Современная ситуация как в российском обществе, так и в гуманитарных науках удивительным образом напоминает диспозицию рубежа XIX-XX веков: теоретическая проблема Модерна остается жизненной проблемой модернизации страны. Последствия тогдашнего решения этой общенациональной проблемы известны. Поэтому сегодня вопрос не только об окончательной цене неудавшейся модернизации, как и не только о способности/готовности русских к Современности вообще, или о том, станет ли Россия когда-нибудь в качестве «нормального государства» составной частью общеевропейского проекта. Речь о том, какую роль играет сам Модерн (Современность) как философский дискурс в процессе модернизации как социальном процессе. В переводе на язык теории действия этот вопрос означает: понимают ли интеллектуалы с их функциями культурпредпринимателей и монополистов интерпретации, что анализ опций действия представляет собой вовсе не безобидное описание альтернатив коллективного действия?
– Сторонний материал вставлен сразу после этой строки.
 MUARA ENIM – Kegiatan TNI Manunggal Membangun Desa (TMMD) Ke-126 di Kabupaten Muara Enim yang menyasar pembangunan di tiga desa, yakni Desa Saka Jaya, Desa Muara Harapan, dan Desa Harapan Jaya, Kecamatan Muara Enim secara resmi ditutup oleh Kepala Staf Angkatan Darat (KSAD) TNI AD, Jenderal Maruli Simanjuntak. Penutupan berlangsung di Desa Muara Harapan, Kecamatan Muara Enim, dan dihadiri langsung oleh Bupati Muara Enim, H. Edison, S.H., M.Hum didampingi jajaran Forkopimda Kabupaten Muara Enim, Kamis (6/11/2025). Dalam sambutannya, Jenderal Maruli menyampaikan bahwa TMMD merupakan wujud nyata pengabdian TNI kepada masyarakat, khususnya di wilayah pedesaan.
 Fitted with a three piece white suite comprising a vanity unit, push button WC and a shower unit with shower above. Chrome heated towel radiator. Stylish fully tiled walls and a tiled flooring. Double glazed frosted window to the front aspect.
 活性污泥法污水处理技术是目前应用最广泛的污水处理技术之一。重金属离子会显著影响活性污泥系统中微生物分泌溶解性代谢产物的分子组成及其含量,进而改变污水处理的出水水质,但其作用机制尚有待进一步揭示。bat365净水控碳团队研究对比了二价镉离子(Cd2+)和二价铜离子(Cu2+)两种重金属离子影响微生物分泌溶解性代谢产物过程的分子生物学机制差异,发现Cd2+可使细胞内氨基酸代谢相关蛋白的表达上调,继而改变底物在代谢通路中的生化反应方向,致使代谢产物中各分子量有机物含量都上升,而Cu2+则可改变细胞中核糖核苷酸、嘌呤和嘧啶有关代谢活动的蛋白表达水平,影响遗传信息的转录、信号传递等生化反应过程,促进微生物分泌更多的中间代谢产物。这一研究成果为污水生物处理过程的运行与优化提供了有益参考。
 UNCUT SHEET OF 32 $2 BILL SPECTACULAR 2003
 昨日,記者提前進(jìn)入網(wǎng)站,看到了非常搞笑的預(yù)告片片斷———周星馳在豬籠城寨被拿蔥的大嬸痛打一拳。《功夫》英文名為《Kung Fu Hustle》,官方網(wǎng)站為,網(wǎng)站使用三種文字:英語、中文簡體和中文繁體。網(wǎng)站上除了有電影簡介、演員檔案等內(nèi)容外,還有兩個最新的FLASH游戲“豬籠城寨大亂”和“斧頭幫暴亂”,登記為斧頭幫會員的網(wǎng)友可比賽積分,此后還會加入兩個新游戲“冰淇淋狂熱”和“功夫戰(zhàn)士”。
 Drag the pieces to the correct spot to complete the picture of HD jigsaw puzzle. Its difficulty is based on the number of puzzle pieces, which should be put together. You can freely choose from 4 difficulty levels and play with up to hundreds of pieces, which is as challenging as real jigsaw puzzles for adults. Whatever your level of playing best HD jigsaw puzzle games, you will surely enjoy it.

Ведь этот анализ неизбежно ведет к изменению ситуации действия, то есть сам является активным действием, последствия которого являются конститутивными для других практических действий. Именно последние задают новую рамочную перспективу дальнейших интерпретаций и таким образом создают новую опцию действия... 
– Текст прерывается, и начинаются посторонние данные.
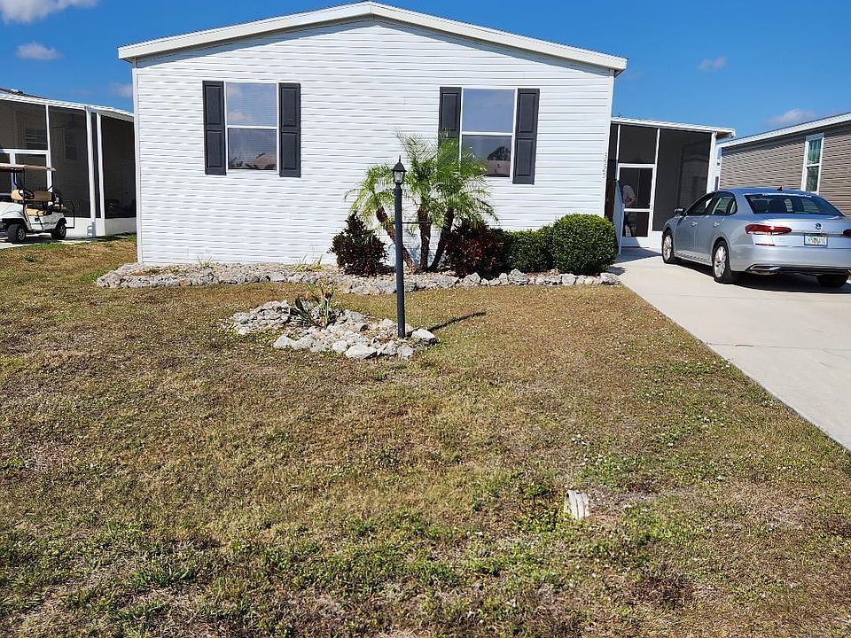 Available Now .This Lovely three bedroom home has updated Kitchen with grey cabinets, nice sized pantry, beautiful warm tone organic granite countertops with tile backsplash. It has a built in microwave oven, glass top self cleaning stove, side by side refrigerator with ice and water on the door, dishwasher. Dinette area has an overhead lighting fixture and window. Behind the louvered doors are the hook ups for your washer and dryer. Lovely Lanai is an all season room with windows and screens and a beautiful tile floor. Master bedroom is King sized with a large closet and its own private master bath with step in shower. Second bedroom has a single sized Murphy bed and Third bedroom has a closet with built in shelving, great for extra storage. Guest bathroom is conveniently located next to both guest rooms and master suite is separated by Living Room. Living Room has lovely wood-look tiled flooring . Central air was replaced in 2021 and has a transferrable warranty. Call today for an appointment!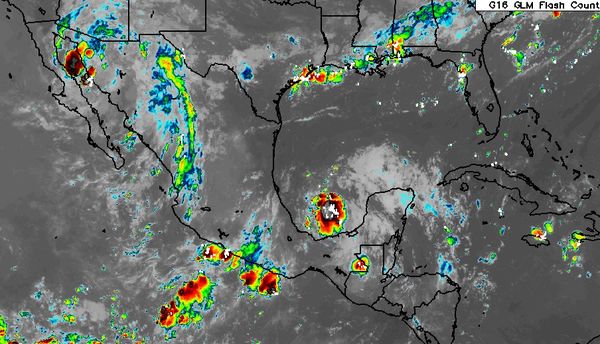 Hoy amanece con cielo parcialmente nublado en el norte, despejado a medio nublado en el centro y medio nublado a nublado en el sur. Observándose núcleos de tormenta en costa frente a los Tuxtlas.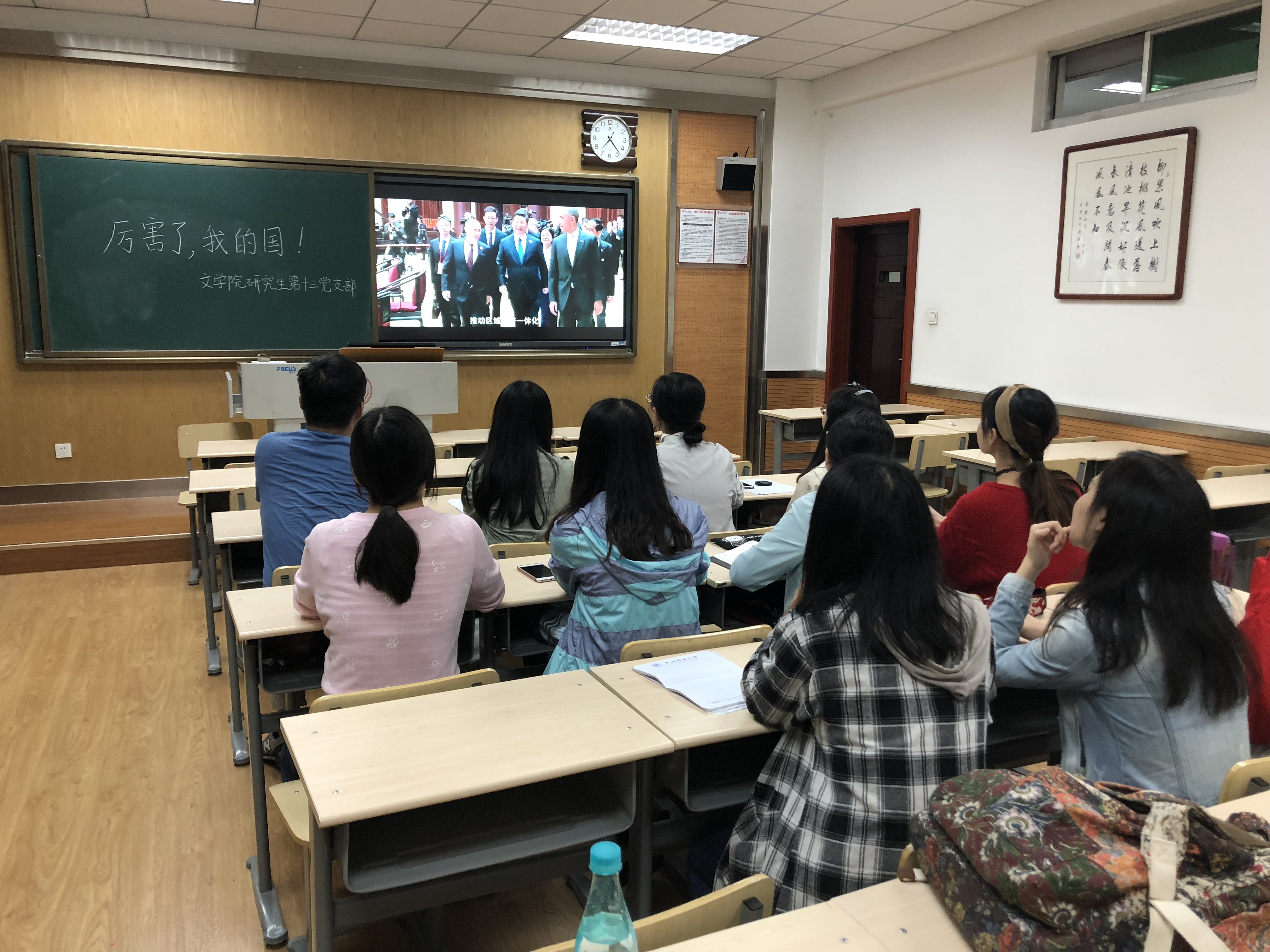 为深入贯彻学习党的十九大精神和习近平新时代中国特色社会主义思想,使全体党员深切体会党的十八大以来我国社会主义现代化建设取得的辉煌成就,激发党员师生爱国热情,振奋精神,凝聚力量,文学院党委组织全公司党支部开展《厉害了,我的国》观影活动。各支部积极响应,结合专题党日、主题班会等各类主题学习教育活动,全面深化师生观看实效。

Поскольку Современность («Запад», «Европа» для неевропейцев) - это не столько научная, сколько прежде всего жизненная проблема, она является центральной политической проблемой для каждого общества, когда-либо с ней столкнувшегося. Справиться с ней в определенных условиях модернизации вовсе не означает решить ее окончательно, как показывает русский опыт в XX веке. В этом смысле вся дискуссия о путях России в Современность или о выходе из нее (кому что милее) вернулась к своему исходному пункту, как будто этого столетия в российской интеллектуальной истории просто не было. Подобная трагическая для русских констатация ясно показывает, с каким типом проблем мы имеем здесь дело, так как наглядно демонстрирует, что задача состоит вовсе не в том, чтобы «правильно» ответить на вопрос «что такое Современность?» с дальнейшими вытекающими отсюда вопросами наподобие «как становятся современными?». 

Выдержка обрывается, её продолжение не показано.